23.3 Pivoting: Exercises
To practice using pivot_longer
and pivot_wider
, we’re going to work with the
following small dataset:
## NOTE: No need to edit; this is setup for the exercises
df_base <-
tribble(
~`X-0`, ~`X-1`, ~key,
1, 9, "A",
2, 8, "B",
3, 7, "C"
)
We’re going to play a game: I’m going to modify the data, and your job is to
pivot it back to equal df_base
.
23.3.1 q3 Recover df_base
from df_q3
by using a single pivot and no other functions.
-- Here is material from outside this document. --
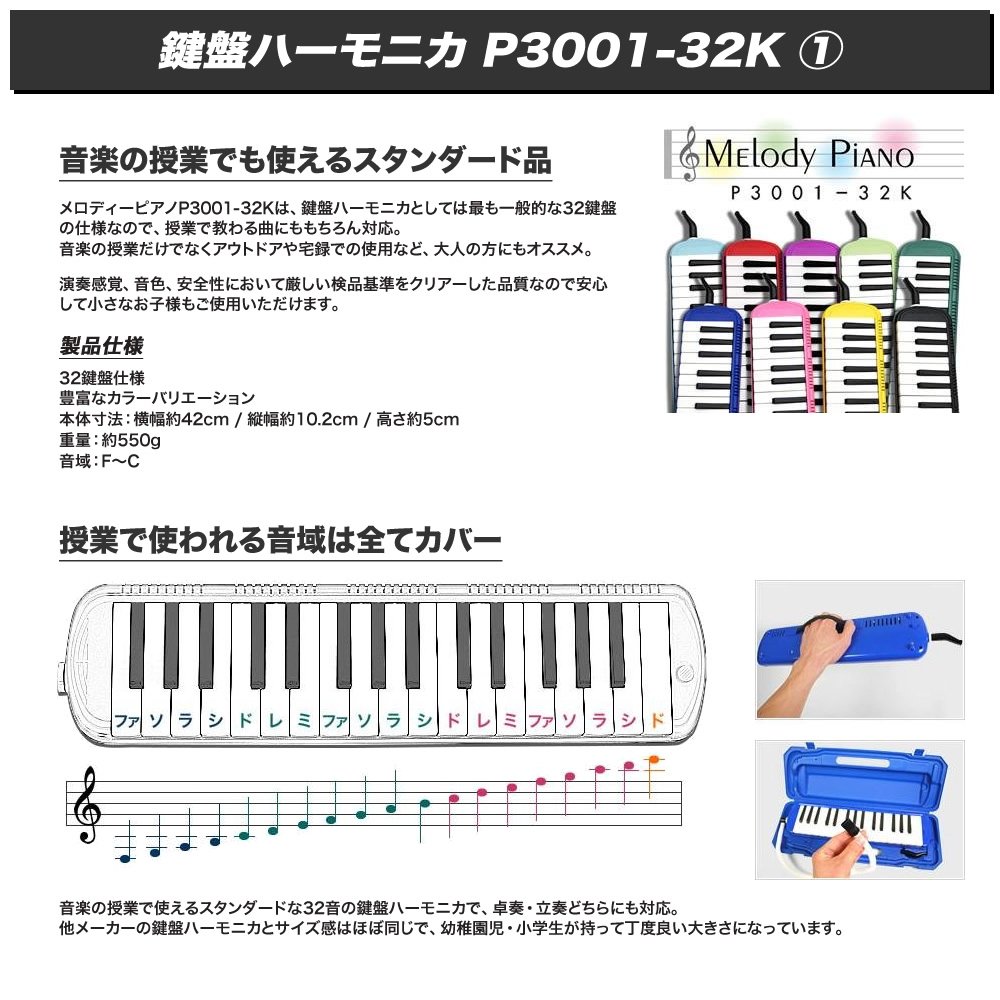 Kc Keyboard Harmonica (Piano Melody) Black P3001-32k/bk

## NOTE: No need to edit; this is setup for the exercise
df_q3 <-
df_base %>%
pivot_longer(
names_to = "id",
names_pattern = "(\\d)",
names_transform = list(id = as.integer),
values_to = "value",
cols = -key
)
df_q3
## # A tibble: 6 × 3
## key id value
## <chr> <int> <dbl>
## 1 A 0 1
## 2 A 1 9
## 3 B 0 2
## 4 B 1 8
## 5 C 0 3
## 6 C 1 7
Undo the modification using a single pivot. Don’t worry about column order.
df_q3_res <-
df_q3 %>%
pivot_wider(
names_from = id,
names_prefix = "X-",
values_from = value
)
df_q3_res
## # A tibble: 3 × 3
## key `X-0` `X-1`
## <chr> <dbl> <dbl>
## 1 A 1 9
## 2 B 2 8
## 3 C 3 7
## New names:
## New names:
## • `X-0` -> `X.0`
## • `X-1` -> `X.1`
## [1] TRUE
23.3.2 q4 Recover df_base
from df_q4
by using a single pivot and no other functions.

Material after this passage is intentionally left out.